Records excerpted from a collection:
↓↓↓

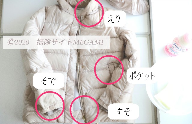 汚れている個所を事前にチェックして、「部分洗い」をしておきます。
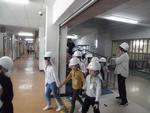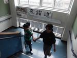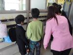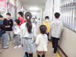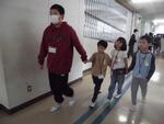 1年生の手を引いて登校班会議の教室まで連れていく6年生。やさしいお兄さん、お姉さんは頼りにされております。
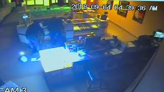 28. newly released surveillance footage shows a man sitting and acting casually as he talked to an employee, before pulling a gun
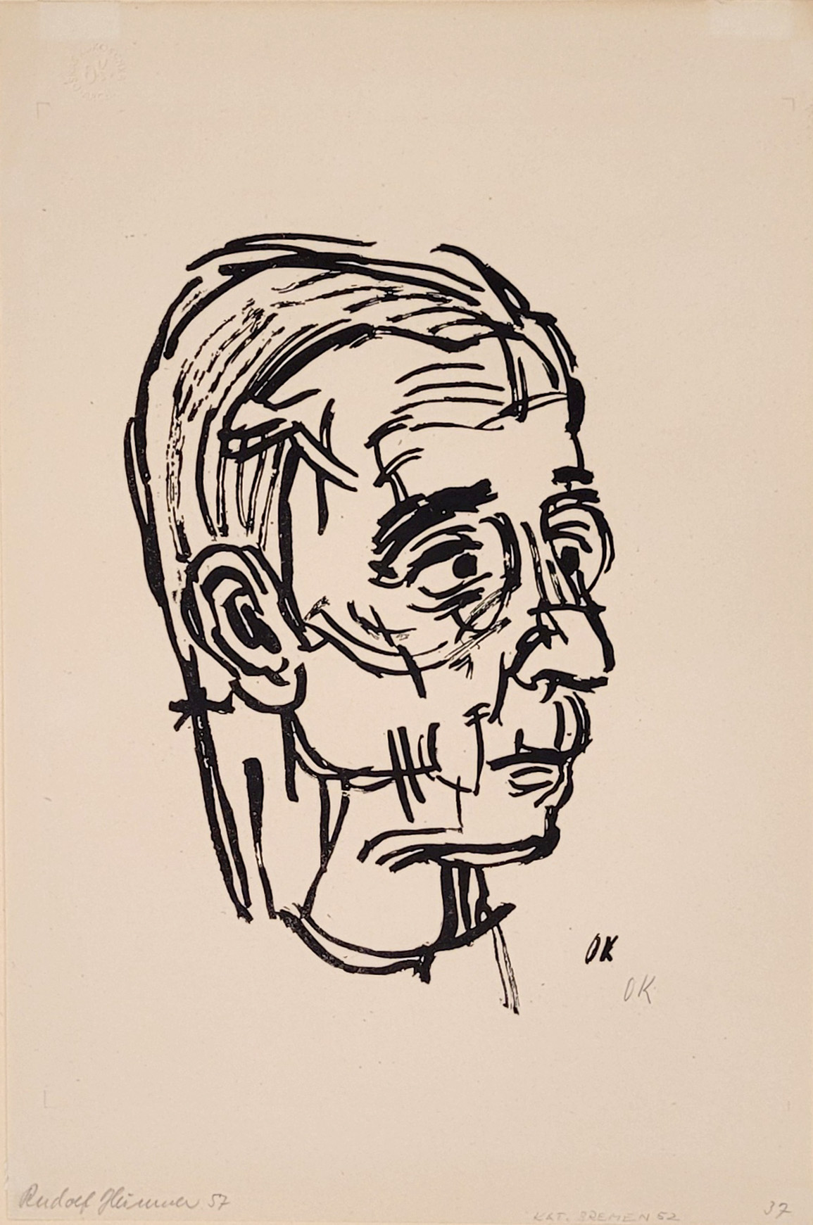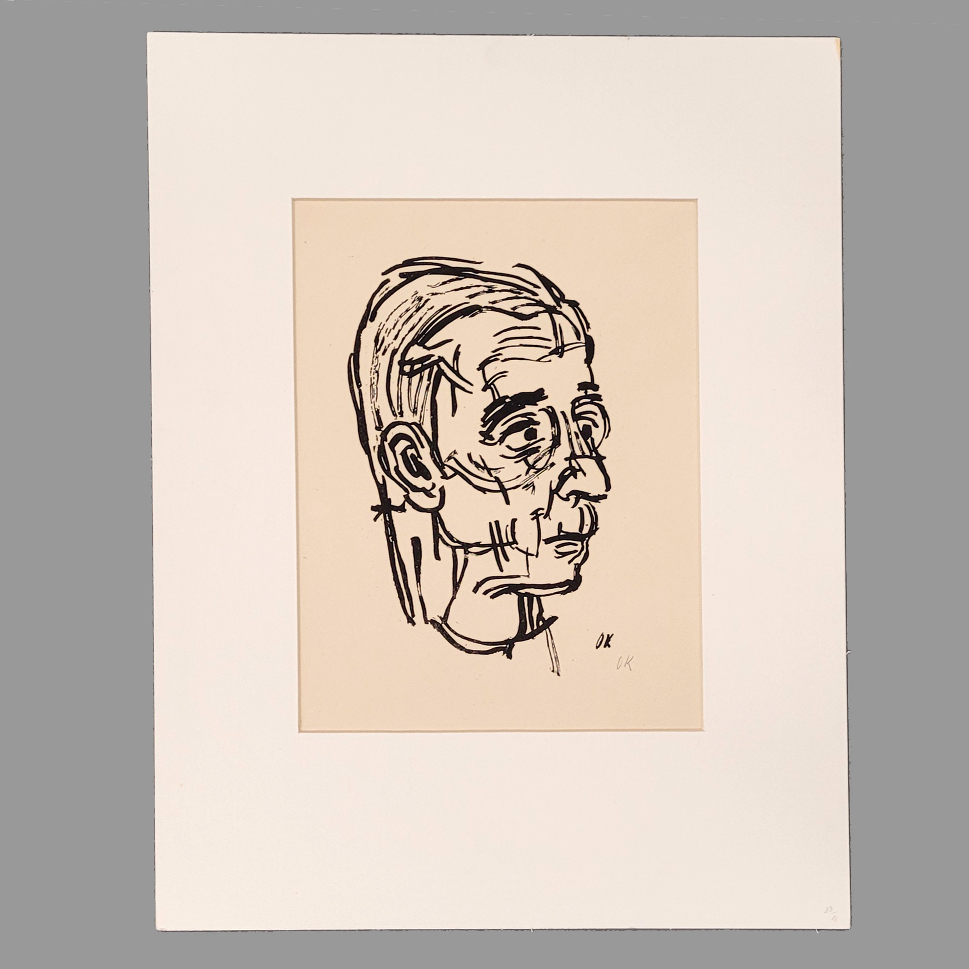 Lithographie, 1916, aus dem Album Menschenköpfe, monogrammiert in Bleistift unten rechts, Prägestempel „Oskar Kokoschka Archiv“ oben links, 47 x 31 cm, montiert im Klapp-Passepartout
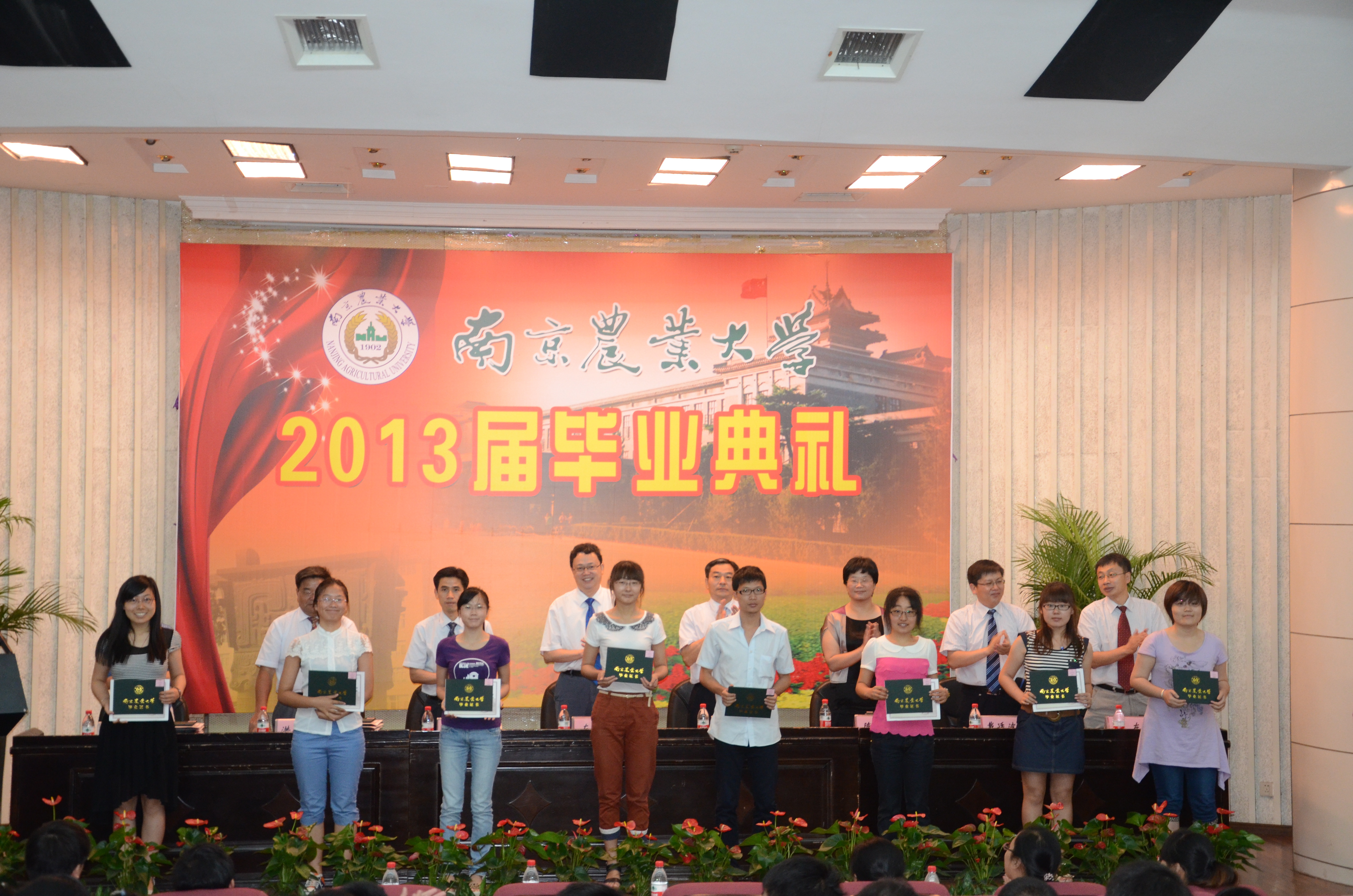 表彰完毕,在南农校歌的歌声中,各领导和来宾为爱爱啦 2013届本科毕业生颁发了优秀证书和毕业证书。
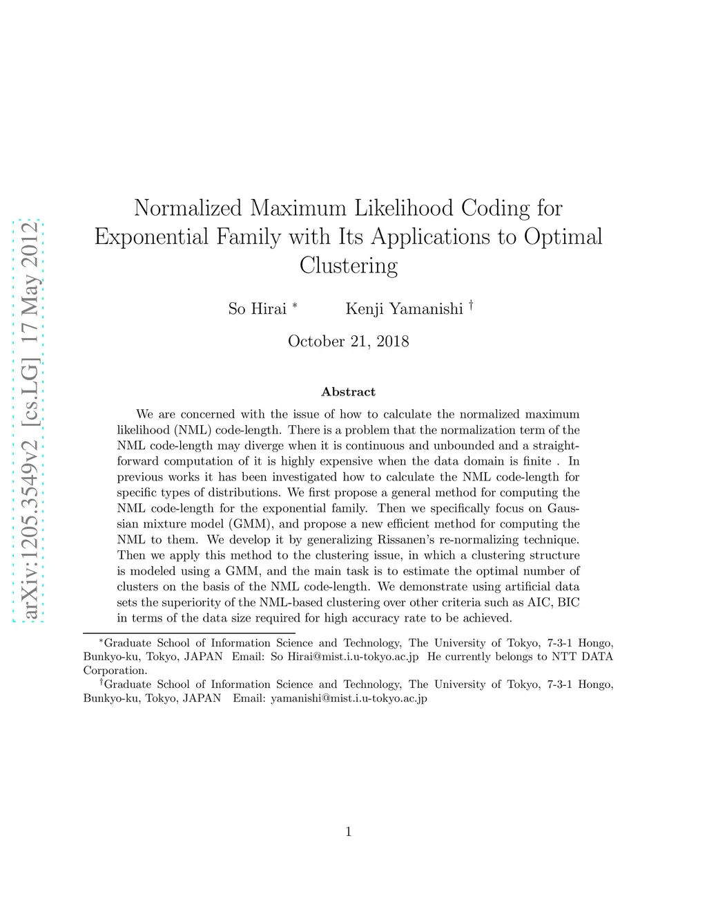 We are concerned with the issue of how to calculate the normalized maximum likelihood (NML) code-length. There is a problem that the normalization term of the NML code-length may diverge when it is continuous and unbounded and a straightforward computation of it is highly expensive when the data domain is finite . In previous works it has been investigated how to calculate the NML code-length for specific types of distributions. We first propose a general method for computing the NML code-length for the exponential family. Then we specifically focus on Gaussian mixture model (GMM), and propose a new efficient method for computing the NML to them. We develop it by generalizing Rissanen's re-normalizing technique. Then we apply this method to the clustering issue, in which a clustering structure is modeled using a GMM, and the main task is to estimate the optimal number of clusters on the basis of the NML code-length. We demonstrate using artificial data sets the superiority of the NML-based clustering over other criteria such as AIC, BIC in terms of the data size required for high accuracy rate to be achieved.

↑↑↑

• _Exercise objective_
Please write out exactly the lines starting at the one that contains "Lithographie, 1916, aus" and ending with the final line of the entries, both ends included. Do not write out any pictures.

• _Response below_
 Lithographie, 1916, aus dem Album Menschenköpfe, monogrammiert in Bleistift unten rechts, Prägestempel „Oskar Kokoschka Archiv“ oben links, 47 x 31 cm, montiert im Klapp-Passepartout
 表彰完毕,在南农校歌的歌声中,各领导和来宾为爱爱啦 2013届本科毕业生颁发了优秀证书和毕业证书。
 We are concerned with the issue of how to calculate the normalized maximum likelihood (NML) code-length. There is a problem that the normalization term of the NML code-length may diverge when it is continuous and unbounded and a straightforward computation of it is highly expensive when the data domain is finite . In previous works it has been investigated how to calculate the NML code-length for specific types of distributions. We first propose a general method for computing the NML code-length for the exponential family. Then we specifically focus on Gaussian mixture model (GMM), and propose a new efficient method for computing the NML to them. We develop it by generalizing Rissanen's re-normalizing technique. Then we apply this method to the clustering issue, in which a clustering structure is modeled using a GMM, and the main task is to estimate the optimal number of clusters on the basis of the NML code-length. We demonstrate using artificial data sets the superiority of the NML-based clustering over other criteria such as AIC, BIC in terms of the data size required for high accuracy rate to be achieved.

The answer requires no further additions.